README
¶
Mass Tasker
MassTasker is a task queuing system with a small set of primitive operations. It enables primitive workflows thanks to atomic operations.
MassTasker has been inspired by the Workflow TaskMaster tool described in https://sre.google/sre-book/data-processing-pipelines/.
Core philosophy:
- low-level but core support for atomic operations.
- write clients in any programming language thanks a thin API based on Protobuf + gRPC.
- workers can fail at any time; deal with it.
- this is a building block; users are expected to design their task systems properly and handle errors.
MassTasker is mainly an API and a set of patterns.
You could probably achieve the same goals by using another task queue, such as Redis or even Postgres.

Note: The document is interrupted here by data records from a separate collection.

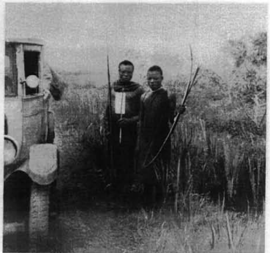
Rencontre de messageurs portant un pli, sur la piste de Rutshuru à Irumu.
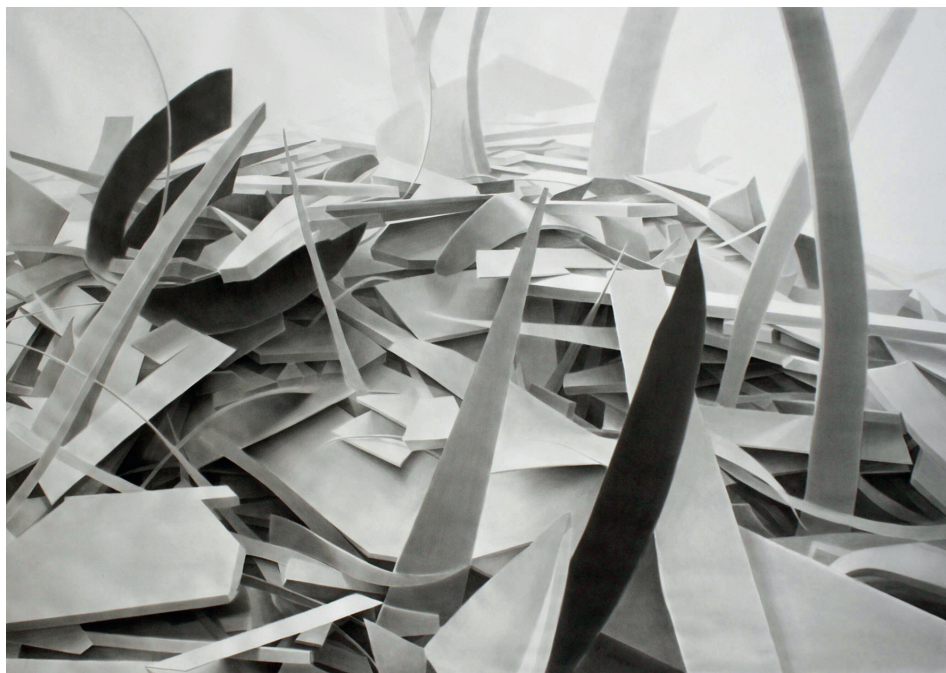
Geometría paisajística / tinta china sobre papel / 140 x 195 cms. / 2017
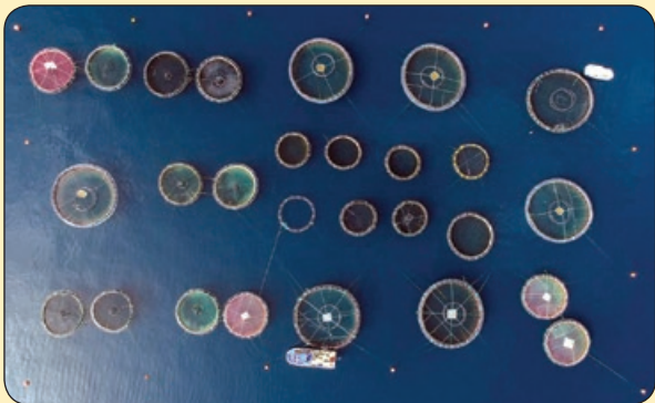
گتی |محل تجمع ماهی گیران، ترکیه

چمن حکایت از دیبهبشت می گوید نه عاقل است که نسپه خرد و نقد بهبشت به می عمارت دل کن که این جهان خراب بر آن سراسر است که از خاک ما بسازد خشت
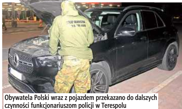
Obywatela Polski wraz z pojazdem przekazano do dalszych czynności funkcjonariuszom policji w Terespolu

Obywatela Polski wraz z samochodem przekazano do dal-
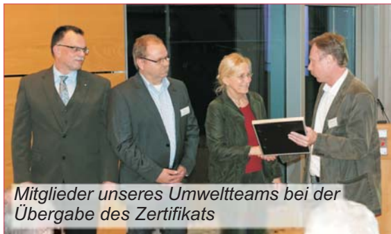
Mitglieder unseres Umweltteams bei der Übergabe des Zertifikats
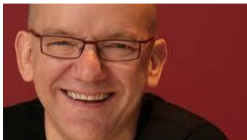
Bob Chilcott, componist Salisbury Vespers
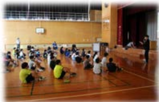
市内小学生を対象とした租税教室
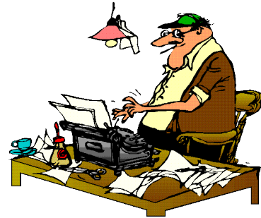
René Nieuwenhoven Redactie

Voor u weer de nieuwsbrief. Veel leesplezier! Heeft u informatie voor een volgende editie, stuur die dan naar redactie@nv-radboud.nl
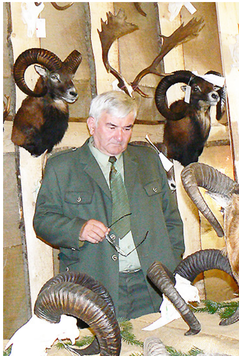
Foto: Při prohlídce loveckých trofejí na Oblastní výstavě

„ Čas je běžec s dlouhým krokem chvíli pokoj nedá si. Čas ten bere všechno skokem, za každého počasí. Čas se nikdy nezastaví, čas nám, pane, myje hlavy stříbrem na vlasy“.
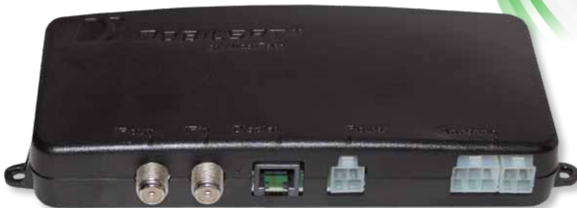
Unità di controllo DVB-S2 HD

SATedit è l'innovativo ed esclusivo sistema per inserire qualsiasi satellite per la diffusione di programmi televisivi in banda KU, inserendo le frequenze identificative fino a 4 satelliti, oltre ai già 16 preimpostati.
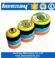
5/16 "-24 Backer Pad
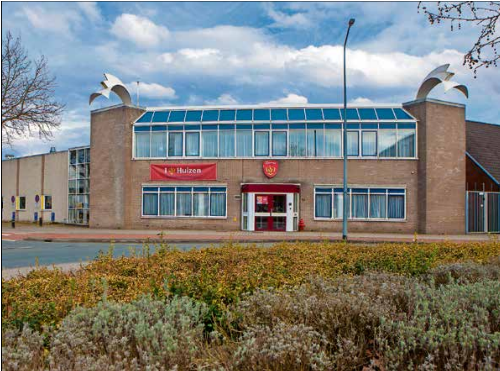
De brandweerkazerne in Huizen herbergt straks een tankautospuiter minder, maar krijgt wellicht een snel interventievoertuig terug.
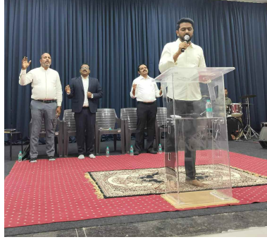
ఆరాధన లో నడిపిస్తున్న రెవరెండ్ దీవెన్
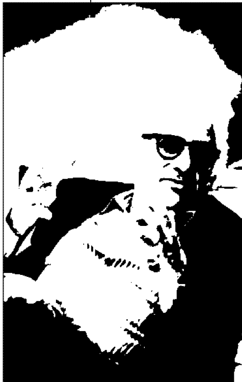
Michael Nyman prima del concerto

Il musicista in vena di confessioni «Quando suono il piano da solo emerge il mio aspetto lirico. Con la band la mia musica è diversa, più energica»
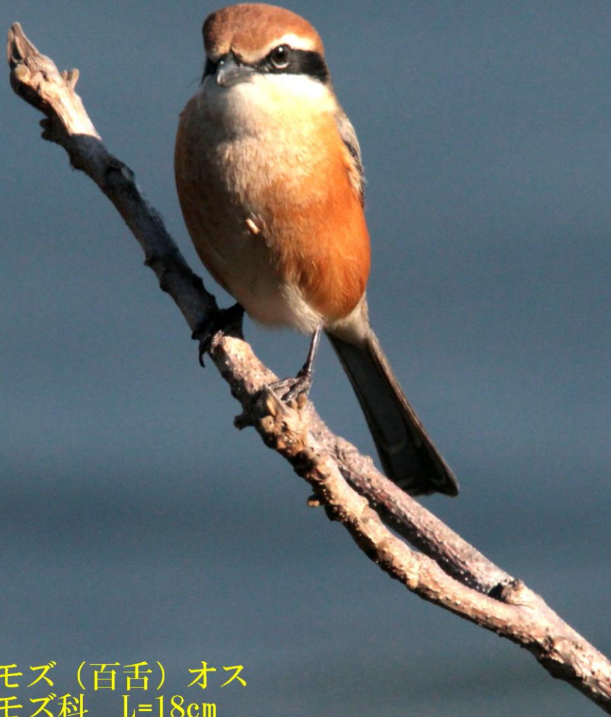
モズ（百舌）オス モズ科 L=18cm
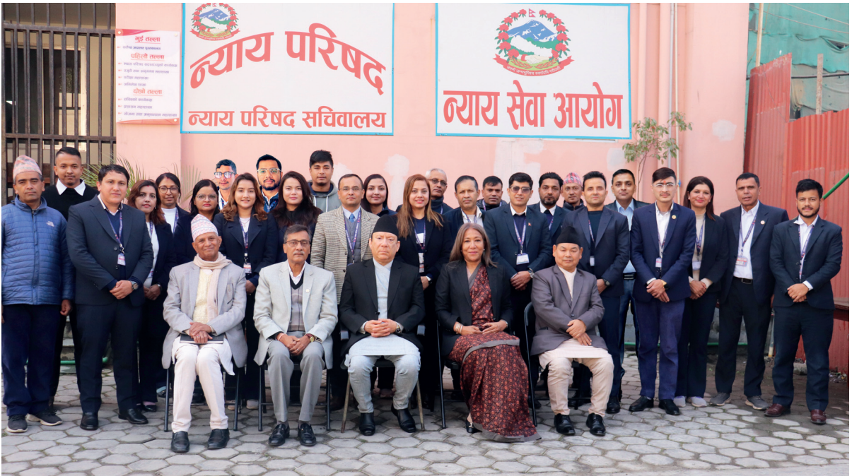
सम्माननीय प्रधान न्यायाधीश एवम् न्याय परिषदका अध्यक्ष श्री प्रकाशमानसिंह राउतको साथमा न्याय परिषदका पदाधिकारीहरू, सचिव एवम् सचिवालयमा कार्यरत कर्मचारीहरूको सामूहिक तस्बिर ।
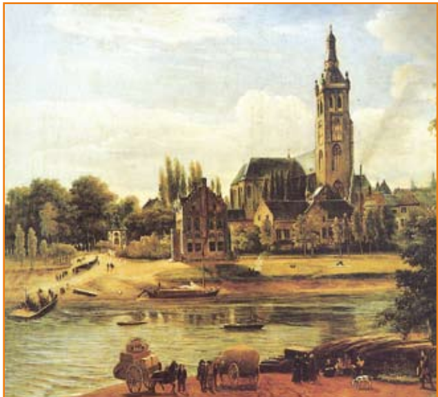
De Maasovergang in Roermond, geschilderd door J.A. van der Drift omstreeks 1850.

De reden waarom de Jezuïeten het plakkaat in hun archief bewaren, wordt door een korte notitie aan de onderkant van het plakkaat uit de doeken gedaan; 'de P. Jesuiten als besittersse der derthiende weecke'. De Jezuïeten hebben in Herten blijkbaar zoveel grond dat ze tot de geërfden worden gerekend, maar grootgrondbezitters zijn de Jezuïeten hier niet geweest. Pas aan het eind van de zeventiende eeuw verwerft de orde in Herten land.
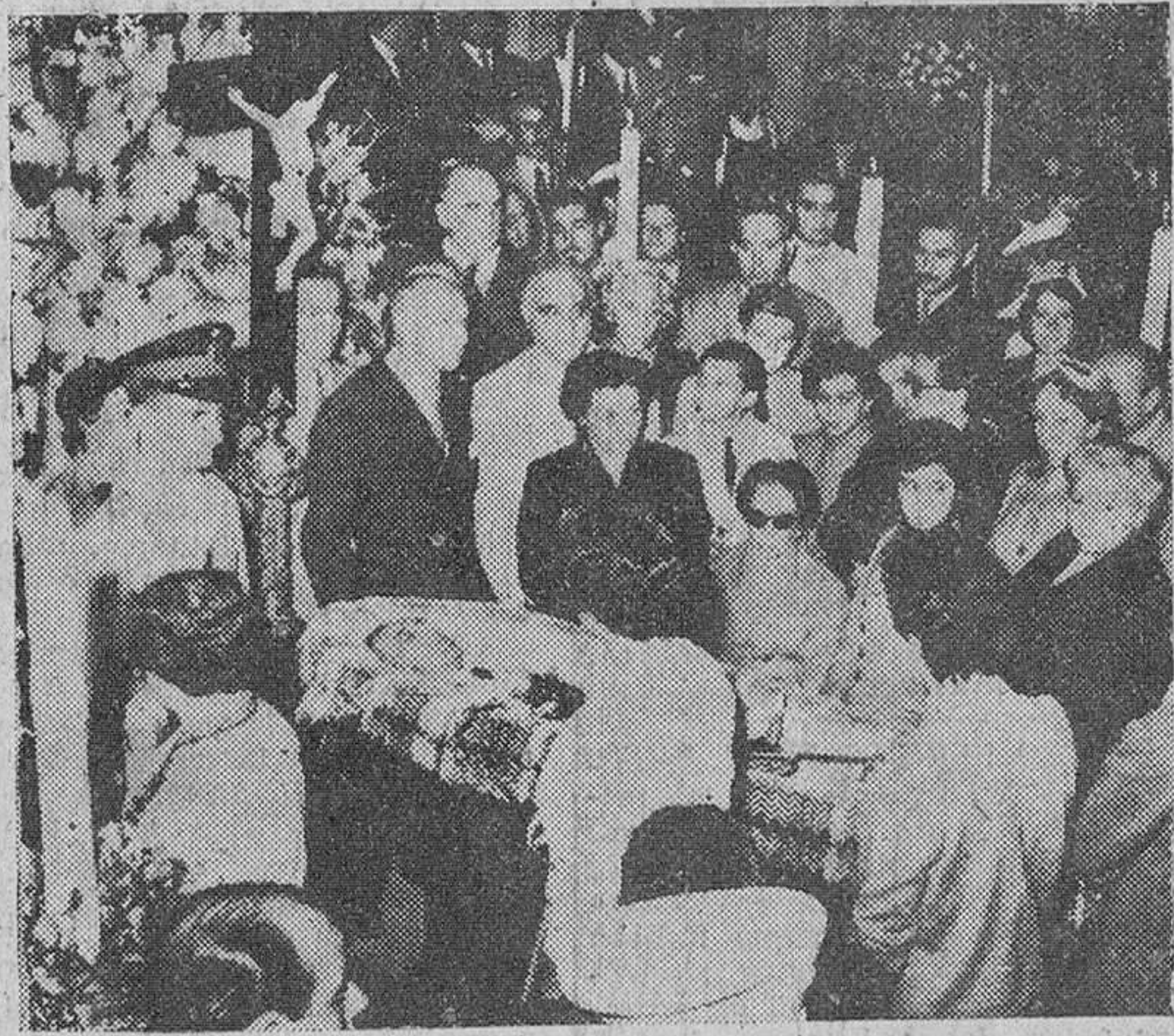
Buenos Aires. — Numerosísimas personas desfilan por la capilla ardiente donde se halla instalado el cadáver del general Lonardi.

In fact, the MassTasker API can be implemented as a frontend to Redis, Postgres or other databases.
The primitives and the data model defined by MassTasker might help you focusing on the important aspects of running a distributed job with tens of thousands of workers and encourages you to think about failure modes that will occur in that regime.
At the same time, the MassTasker API will spare you from havingt to figure out how to properly implement a multi-key transactional write in redis or whatnot.
API
The API is defined as a gRPC API.
This repo also contains an in-memory server implementing the API and a Go client that is a thin wrapper around the raw gRPC and it includes a few helpers for common patterns.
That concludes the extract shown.